§ **SUPPLIED RECORDS**
# # # #
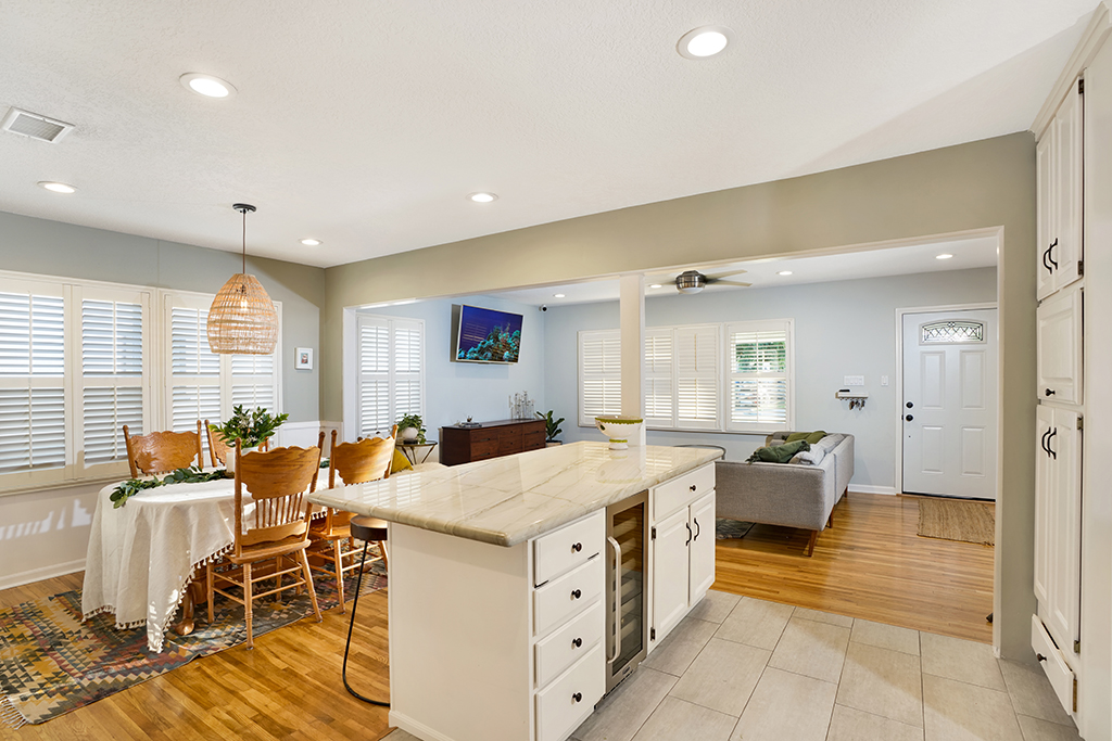 This newly remodeled single-story family home boasts 3 generously sized bedrooms and a large family bath. The refinished original wood flooring throughout sets the perfect tone upon entering the open concept floor plan with living, dining, and kitchen areas. The stunning kitchen upgrades include quartz countertops and a large island, stainless steel appliances, and a gorgeous farmhouse-style porcelain sink. The pristine landscaping lends for ample outdoor entertaining, with a private back garden enjoying both expansive amounts of lush grass and a covered patio with access to the 2-car garage. This property truly is a wonderful home.
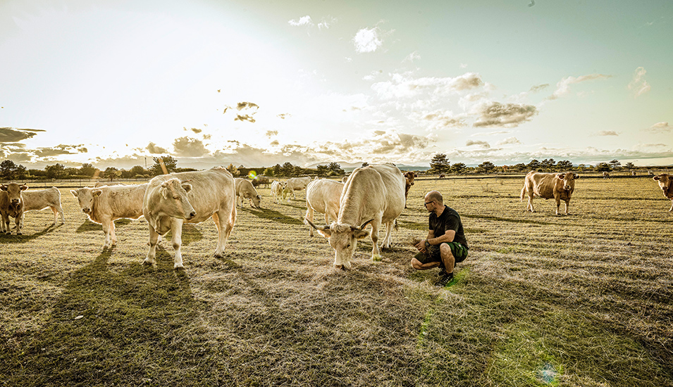 Nicht nur die alte österreichische Haustierrasse ist außergewöhnlich, auch ihre 450.000 Quadratmeter Weidefläche sind es. Die Tiere von Bio-Landwirt Matthias Frank beweiden einen Teil des Steinfelds in Niederösterreich, ein Naturschutzgebiet, das aus kargen Schotterböden besteht. Niederschlag fällt kaum. „Vor 15 Jahren habe ich mit sechs Tieren begonnen, heute sind es 30, die ich seit zwei Jahren im Vollerwerb halte“, erzählt Frank nicht ohne Stolz. Die Rinder züchtet er in Vollweidehaltung, sie sind also das ganze Jahr über auf den Flächen.
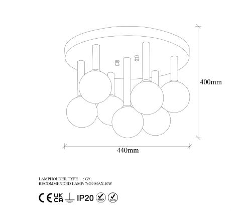 With a size of 44 x 44 x 40 cm and a cap diameter of 10 cm, this chandelier is the perfect size for medium to large rooms. The 7 x G9 socket type allows for a maximum of 8W bulbs (not included), providing ample lighting for any occasion. The IP20 rating ensures durability and safety, while the 220-240V voltage ensures compatibility with most electrical systems. Don't miss out on the opportunity to transform your space with our Metal Body Chandelier. Order yours today!
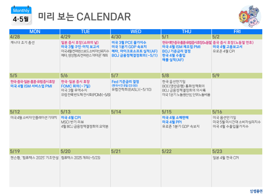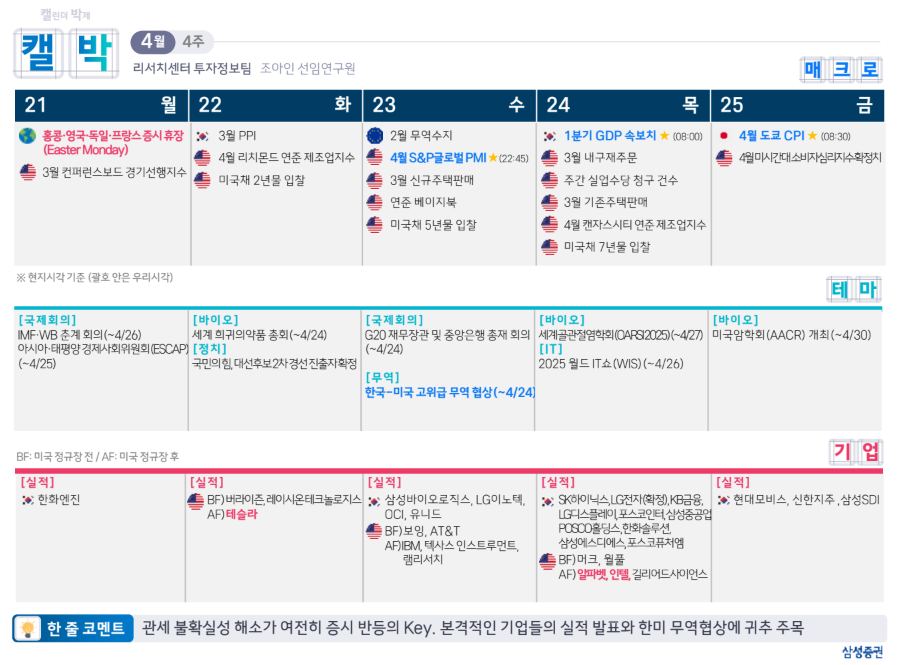 04/23(수) 한국: 소비자동향조사 독일: 제조업, 서비스업 PMI 유로존: 제조업, 서비스업 PMI, 수출입 동향 미국: 제조업, 서비스업 PMI, 신규주택판매 보고서: 베이지북 채권: 미 5년물 국채 입찰 발언: 굴스비 총재, 월러 연준이사, 베일리 BOE 총재 실적 장전: 필립모리스(PM), AT&T(T), 써머피셔(TMO), 보스턴 사이언티픽(BSX), 넥스트라에너지(NEE), 보잉(BA), GE버노바(GEV) 실적 장후: IBM(IBM), 서비스나우(NOW), 텍사스인스트루먼트(TXN), 램리서치(LRCX), 오리얼리 오토모티브(ORLY), 뉴몬트(NEM), 치포슬 멕시칸 그릴(CNG) 04/24(목) 한국: GDP 성장률 독일: Ifo 기업환경지수 미국: 국가활동지수, 내구재주문, 기존주택매매 채권: 미 7년물 국채 입찰 발언: 카시카리 총재, 게오르기에바 IMF 총재 실적 장전: P&G(PG), 머크(MRK), 펩시코(PEP), 유니온 퍼시픽(UNP), 사노피(SNY), 브리스톨 마이어스(BMY), 프리포트-맥모란(FCX), 노키아(NOK), 사우스 웨스트 에어라인(LUV), 아메리칸 에어라인(AAL) 실적 장후: 알파벳(GOOG), 길리어드사이언스(GILD), 인텔(INTC)
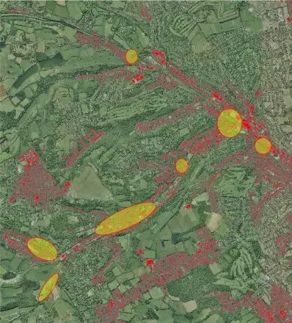 The method considered properties in areas susceptible to groundwater flooding (in red) and information about those affected by 2014 floods (yellow ovals). Aerial photography © UKP/Getmapping Licence No. UKP2006/01 and contains Ordnance Survey data © Crown copyright and database right 2015. BGS © UKRI.
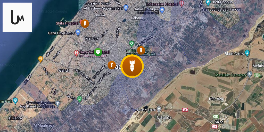 Two dead and a number of wounded after an airstrike targeted the vicinity of Al-Basheer Pharmacy in the Hakr Al-Jami' area in Deir Al-Balah, central Gaza Strip.
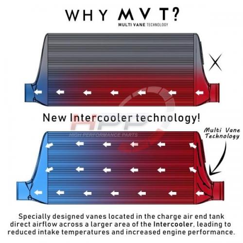 - Technologie MVT navržená společností Direnza nabízí vyšší účinnost mezichladiče ve srovnání s jinými alternativami na trhu s náhradními díly. Toho je dosaženo použitím pečlivě umístěných lopatek v koncové nádrži, které rovnoměrně distribuují vzduch přes celé jádro. Využitím celé plochy jádra mezichladiče je optimalizováno chlazení nasátého vzduchu, což vede k většímu výkonu.
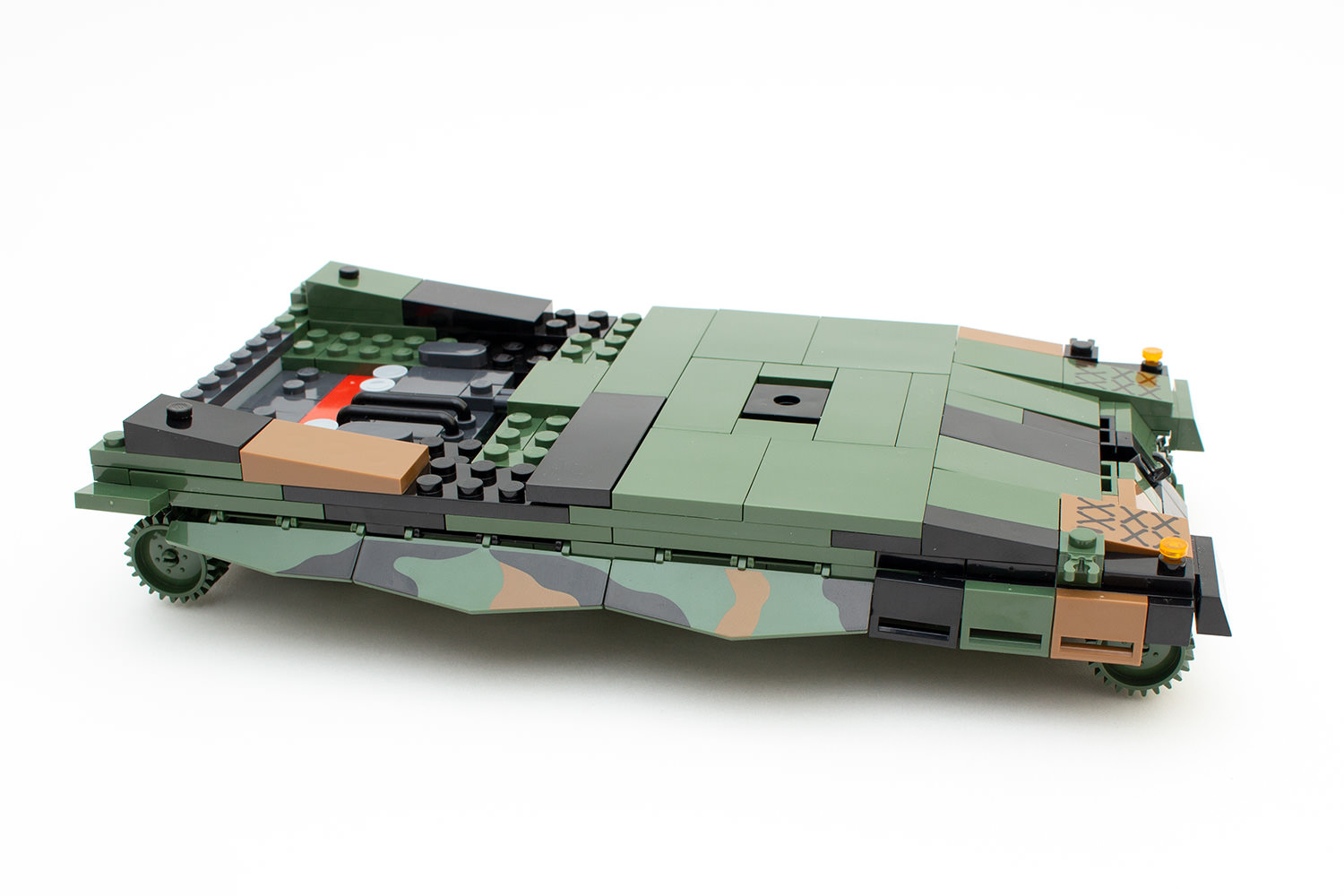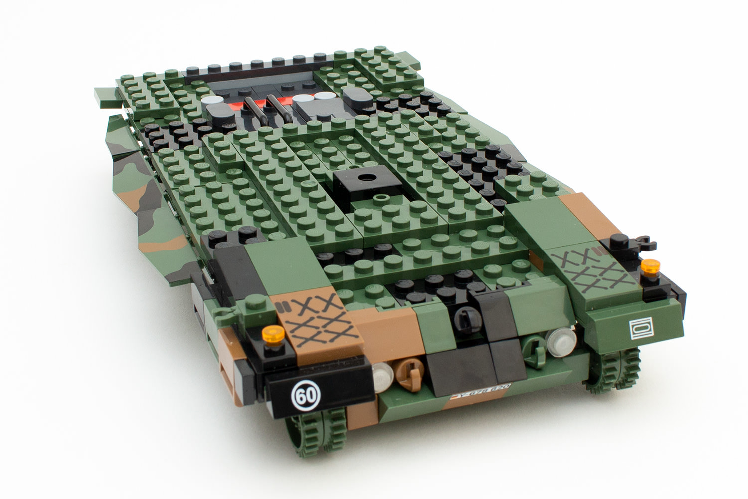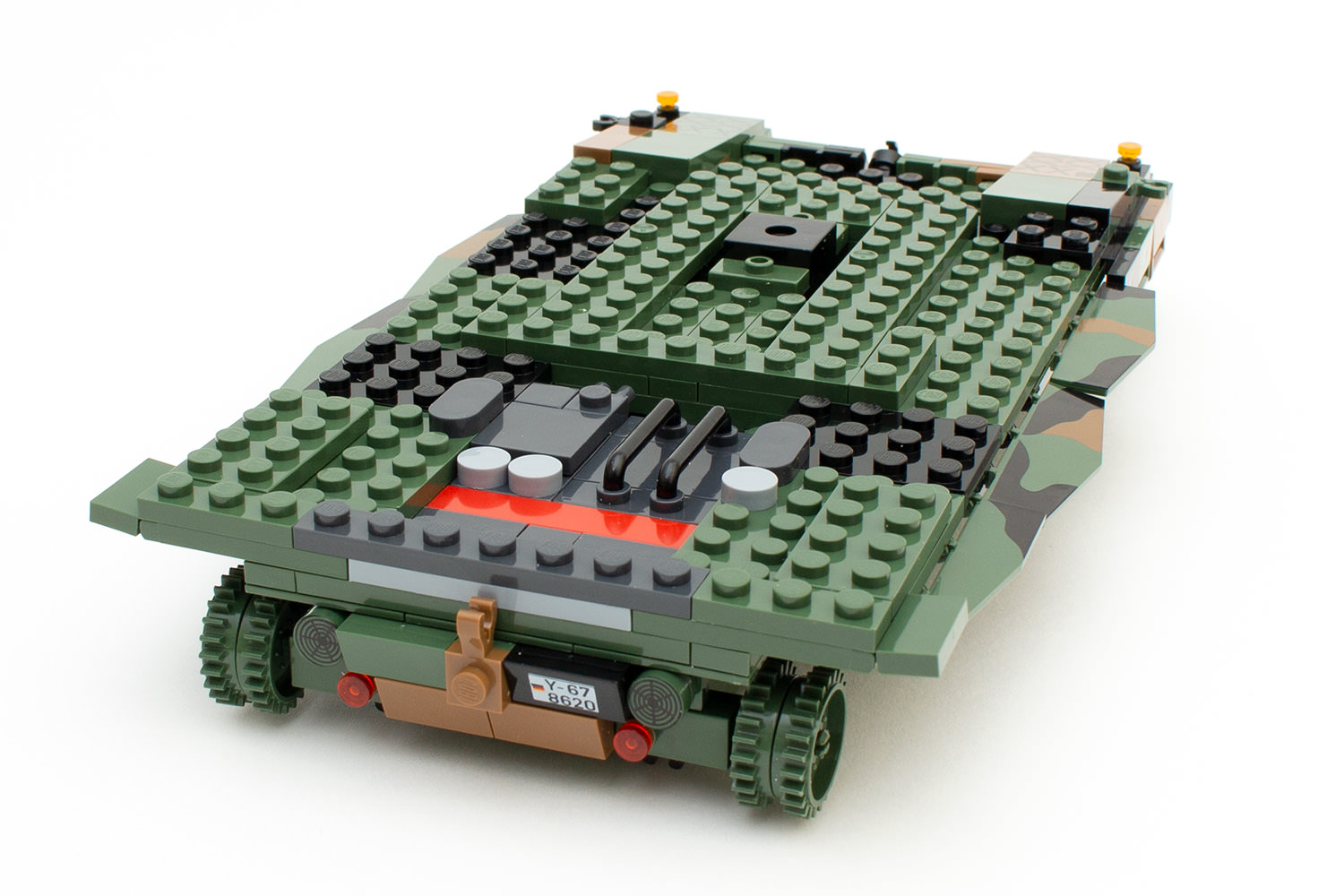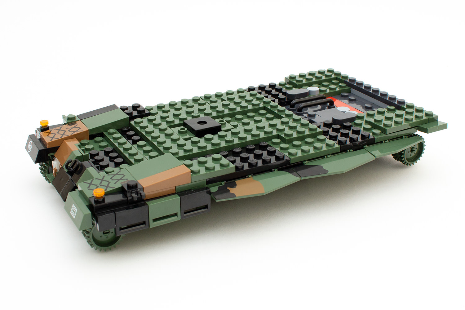 Die erste kniffelige Stelle tritt bei der Abdeckung des Motorraums auf. Hier ist darauf zu achten, dass die mittlere 3×4 große Fliese am Ende etwas heruntergedrückt wird, da diese beim Hochklappen sonst klemmt. Der darunter liegende Motor wird lediglich durch zwei Lüfter und einige andere Bauteile angedeutet, was aber auch darauf zurückzuführen sein dürfte, dass dieser beim fertigen Modell nur bei seitlich gedrehtem Turm sichtbar gemacht werden kann. Dennoch wäre eine detailreichere Gestaltung wünschenswert gewesen, auch wenn dadurch der Preis von rund 40 Euro sicherlich nicht gehalten werden könnte.
# # # #
§ **WHAT YOU ARE ASKED TO DO**
Write out the material above exactly, and omit the pictures it holds.

§ **ANSWER TO THIS EXERCISE**
 This newly remodeled single-story family home boasts 3 generously sized bedrooms and a large family bath. The refinished original wood flooring throughout sets the perfect tone upon entering the open concept floor plan with living, dining, and kitchen areas. The stunning kitchen upgrades include quartz countertops and a large island, stainless steel appliances, and a gorgeous farmhouse-style porcelain sink. The pristine landscaping lends for ample outdoor entertaining, with a private back garden enjoying both expansive amounts of lush grass and a covered patio with access to the 2-car garage. This property truly is a wonderful home.
 Nicht nur die alte österreichische Haustierrasse ist außergewöhnlich, auch ihre 450.000 Quadratmeter Weidefläche sind es. Die Tiere von Bio-Landwirt Matthias Frank beweiden einen Teil des Steinfelds in Niederösterreich, ein Naturschutzgebiet, das aus kargen Schotterböden besteht. Niederschlag fällt kaum. „Vor 15 Jahren habe ich mit sechs Tieren begonnen, heute sind es 30, die ich seit zwei Jahren im Vollerwerb halte“, erzählt Frank nicht ohne Stolz. Die Rinder züchtet er in Vollweidehaltung, sie sind also das ganze Jahr über auf den Flächen.
 With a size of 44 x 44 x 40 cm and a cap diameter of 10 cm, this chandelier is the perfect size for medium to large rooms. The 7 x G9 socket type allows for a maximum of 8W bulbs (not included), providing ample lighting for any occasion. The IP20 rating ensures durability and safety, while the 220-240V voltage ensures compatibility with most electrical systems. Don't miss out on the opportunity to transform your space with our Metal Body Chandelier. Order yours today!
 04/23(수) 한국: 소비자동향조사 독일: 제조업, 서비스업 PMI 유로존: 제조업, 서비스업 PMI, 수출입 동향 미국: 제조업, 서비스업 PMI, 신규주택판매 보고서: 베이지북 채권: 미 5년물 국채 입찰 발언: 굴스비 총재, 월러 연준이사, 베일리 BOE 총재 실적 장전: 필립모리스(PM), AT&T(T), 써머피셔(TMO), 보스턴 사이언티픽(BSX), 넥스트라에너지(NEE), 보잉(BA), GE버노바(GEV) 실적 장후: IBM(IBM), 서비스나우(NOW), 텍사스인스트루먼트(TXN), 램리서치(LRCX), 오리얼리 오토모티브(ORLY), 뉴몬트(NEM), 치포슬 멕시칸 그릴(CNG) 04/24(목) 한국: GDP 성장률 독일: Ifo 기업환경지수 미국: 국가활동지수, 내구재주문, 기존주택매매 채권: 미 7년물 국채 입찰 발언: 카시카리 총재, 게오르기에바 IMF 총재 실적 장전: P&G(PG), 머크(MRK), 펩시코(PEP), 유니온 퍼시픽(UNP), 사노피(SNY), 브리스톨 마이어스(BMY), 프리포트-맥모란(FCX), 노키아(NOK), 사우스 웨스트 에어라인(LUV), 아메리칸 에어라인(AAL) 실적 장후: 알파벳(GOOG), 길리어드사이언스(GILD), 인텔(INTC)
 The method considered properties in areas susceptible to groundwater flooding (in red) and information about those affected by 2014 floods (yellow ovals). Aerial photography © UKP/Getmapping Licence No. UKP2006/01 and contains Ordnance Survey data © Crown copyright and database right 2015. BGS © UKRI.
 Two dead and a number of wounded after an airstrike targeted the vicinity of Al-Basheer Pharmacy in the Hakr Al-Jami' area in Deir Al-Balah, central Gaza Strip.
 - Technologie MVT navržená společností Direnza nabízí vyšší účinnost mezichladiče ve srovnání s jinými alternativami na trhu s náhradními díly. Toho je dosaženo použitím pečlivě umístěných lopatek v koncové nádrži, které rovnoměrně distribuují vzduch přes celé jádro. Využitím celé plochy jádra mezichladiče je optimalizováno chlazení nasátého vzduchu, což vede k většímu výkonu.
 Die erste kniffelige Stelle tritt bei der Abdeckung des Motorraums auf. Hier ist darauf zu achten, dass die mittlere 3×4 große Fliese am Ende etwas heruntergedrückt wird, da diese beim Hochklappen sonst klemmt. Der darunter liegende Motor wird lediglich durch zwei Lüfter und einige andere Bauteile angedeutet, was aber auch darauf zurückzuführen sein dürfte, dass dieser beim fertigen Modell nur bei seitlich gedrehtem Turm sichtbar gemacht werden kann. Dennoch wäre eine detailreichere Gestaltung wünschenswert gewesen, auch wenn dadurch der Preis von rund 40 Euro sicherlich nicht gehalten werden könnte.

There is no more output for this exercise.